REQUIREMENT
For the material below, the expected output is exactly the lines between the line holding "This photograph shows" and the line holding "공유드린 링크를 통해", inclusive, with pictures left out.

EXERCISE INPUTS
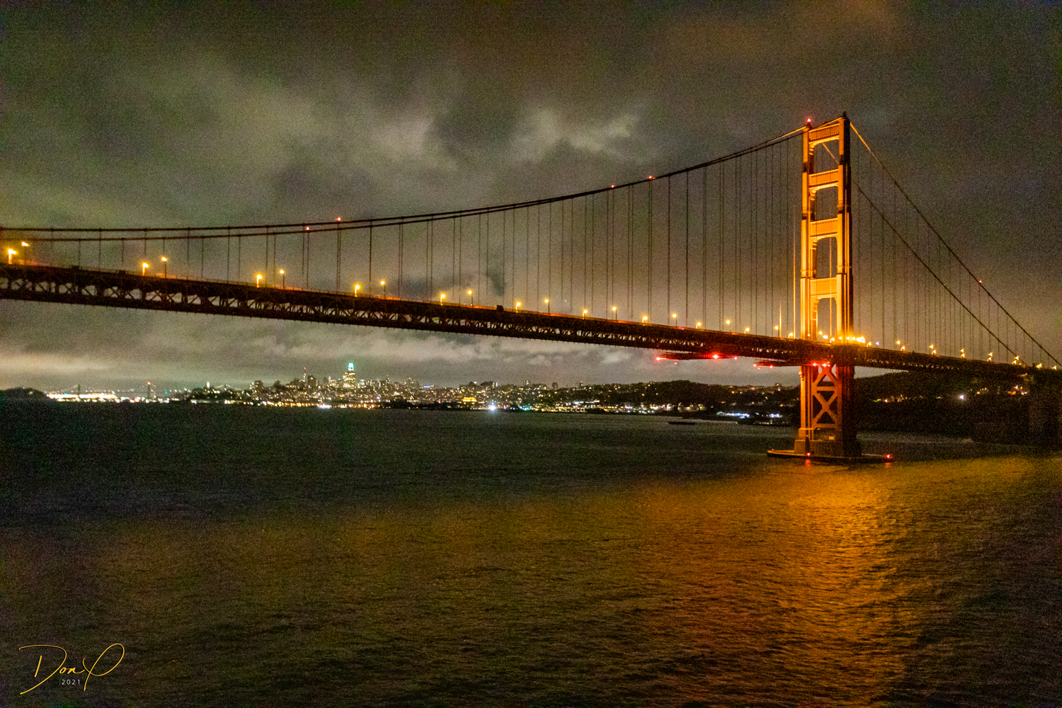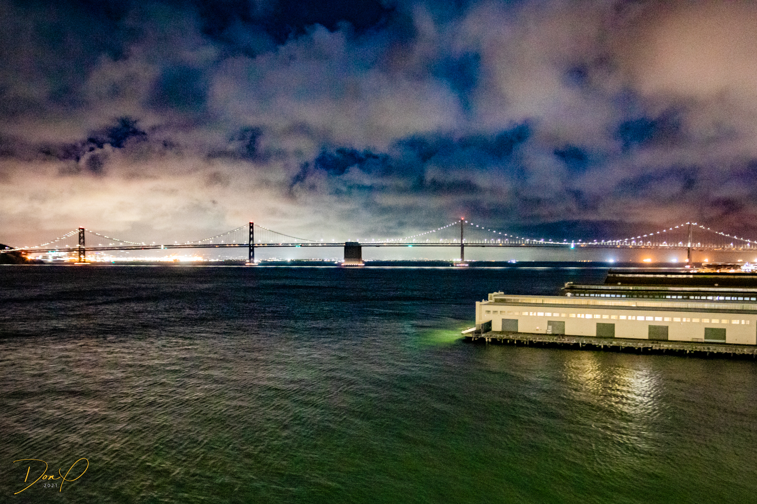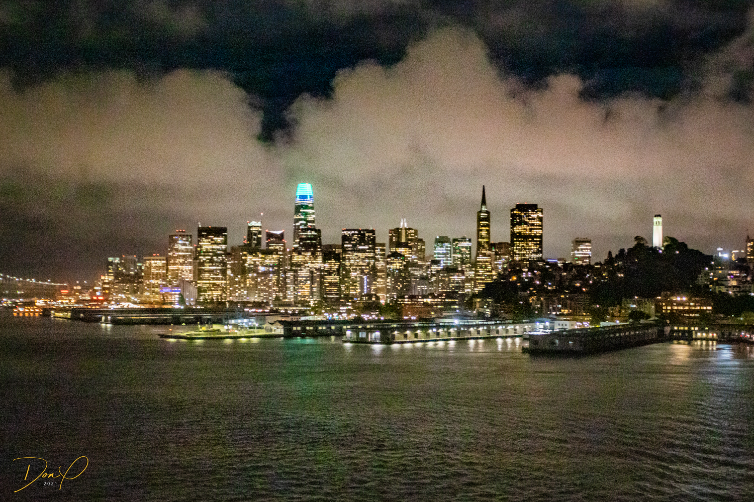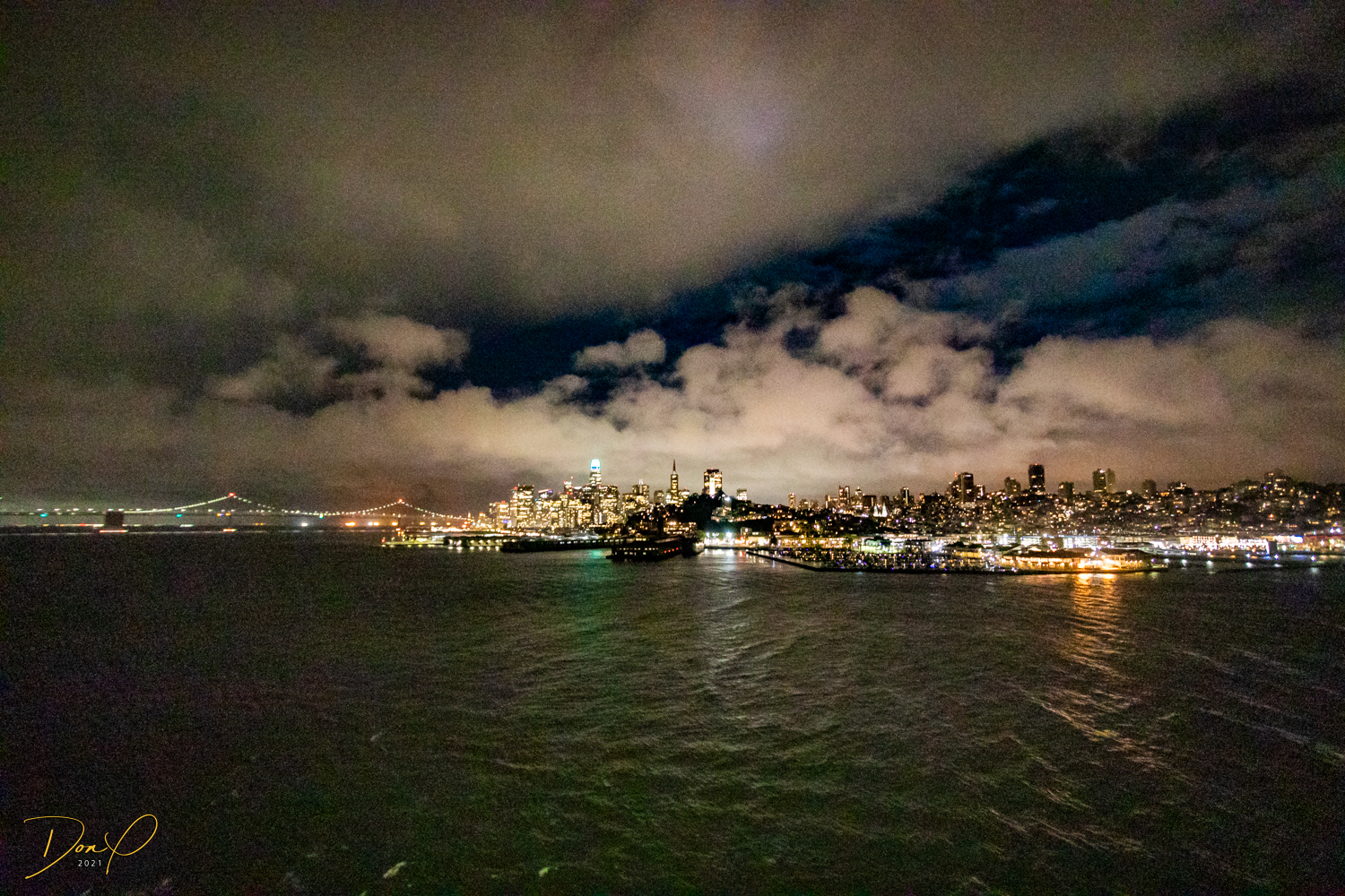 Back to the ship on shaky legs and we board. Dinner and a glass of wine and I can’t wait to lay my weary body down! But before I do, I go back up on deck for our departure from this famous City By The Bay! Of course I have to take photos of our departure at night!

---

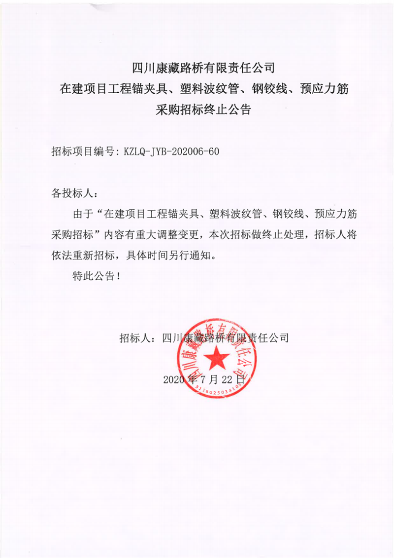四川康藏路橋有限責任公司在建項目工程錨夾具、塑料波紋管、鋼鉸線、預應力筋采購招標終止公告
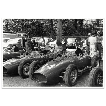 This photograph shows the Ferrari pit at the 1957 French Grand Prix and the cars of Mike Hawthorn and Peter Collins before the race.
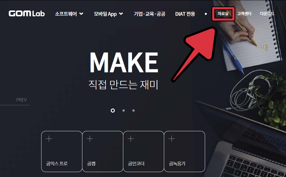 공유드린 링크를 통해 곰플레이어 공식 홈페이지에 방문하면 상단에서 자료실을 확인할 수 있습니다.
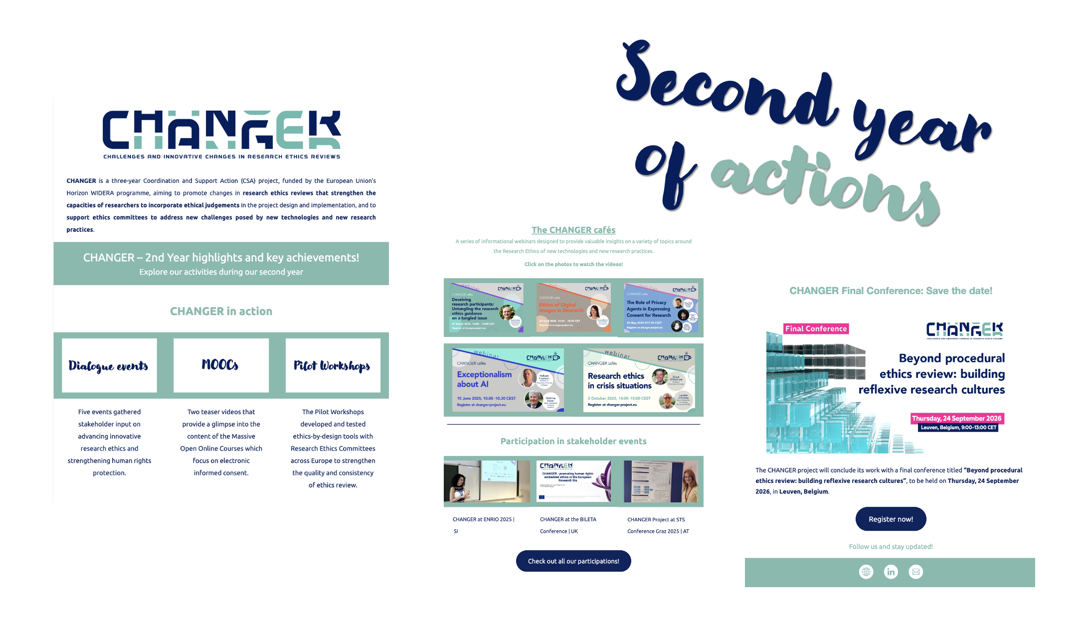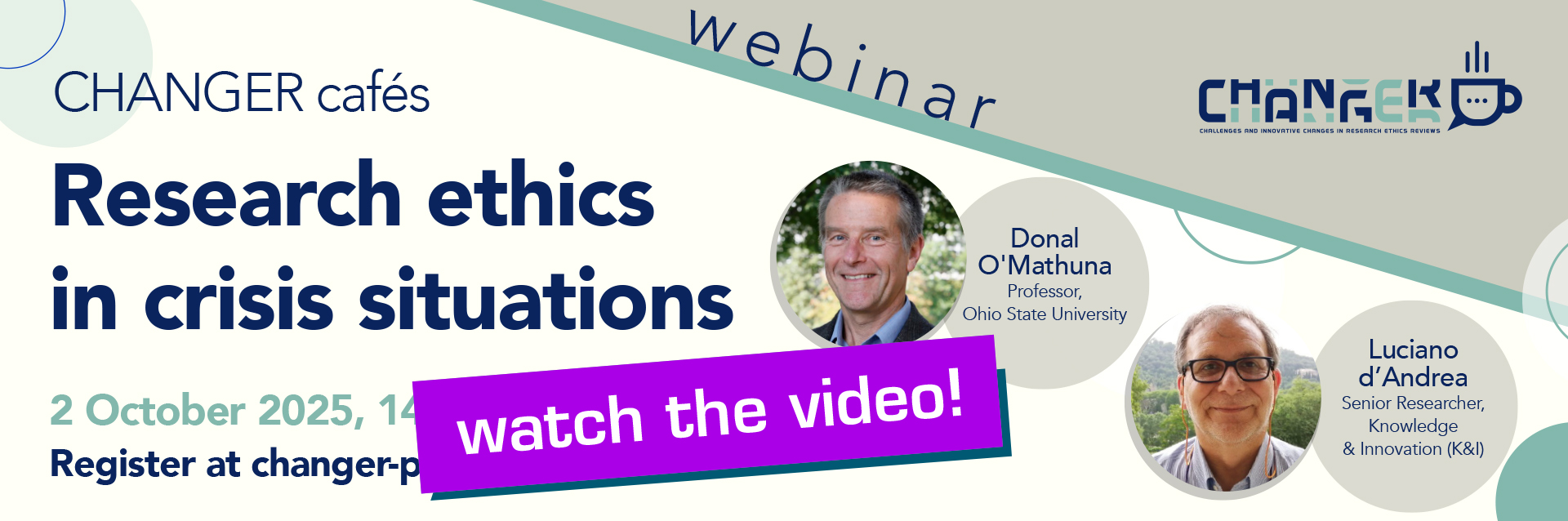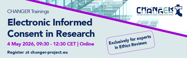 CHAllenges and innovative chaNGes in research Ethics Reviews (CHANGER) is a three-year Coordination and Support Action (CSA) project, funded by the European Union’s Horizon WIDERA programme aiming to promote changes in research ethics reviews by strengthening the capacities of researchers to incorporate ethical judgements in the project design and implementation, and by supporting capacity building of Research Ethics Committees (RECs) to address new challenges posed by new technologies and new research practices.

==

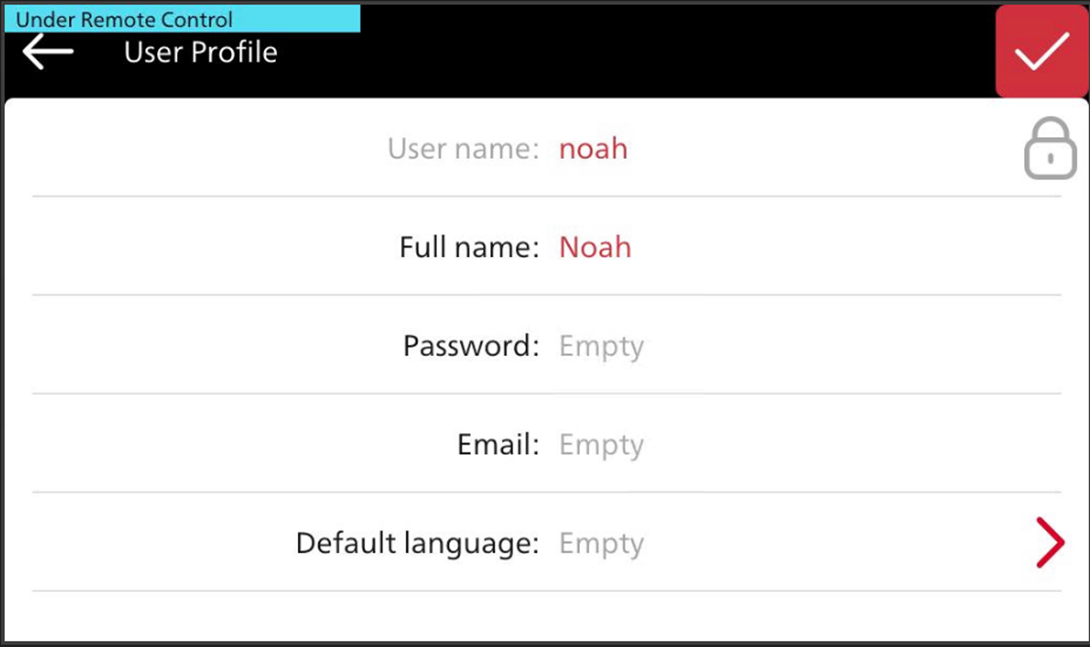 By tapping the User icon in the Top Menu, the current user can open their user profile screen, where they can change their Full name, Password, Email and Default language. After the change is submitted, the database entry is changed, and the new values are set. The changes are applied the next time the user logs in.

RESPONSE AREA
 This photograph shows the Ferrari pit at the 1957 French Grand Prix and the cars of Mike Hawthorn and Peter Collins before the race.
 공유드린 링크를 통해 곰플레이어 공식 홈페이지에 방문하면 상단에서 자료실을 확인할 수 있습니다.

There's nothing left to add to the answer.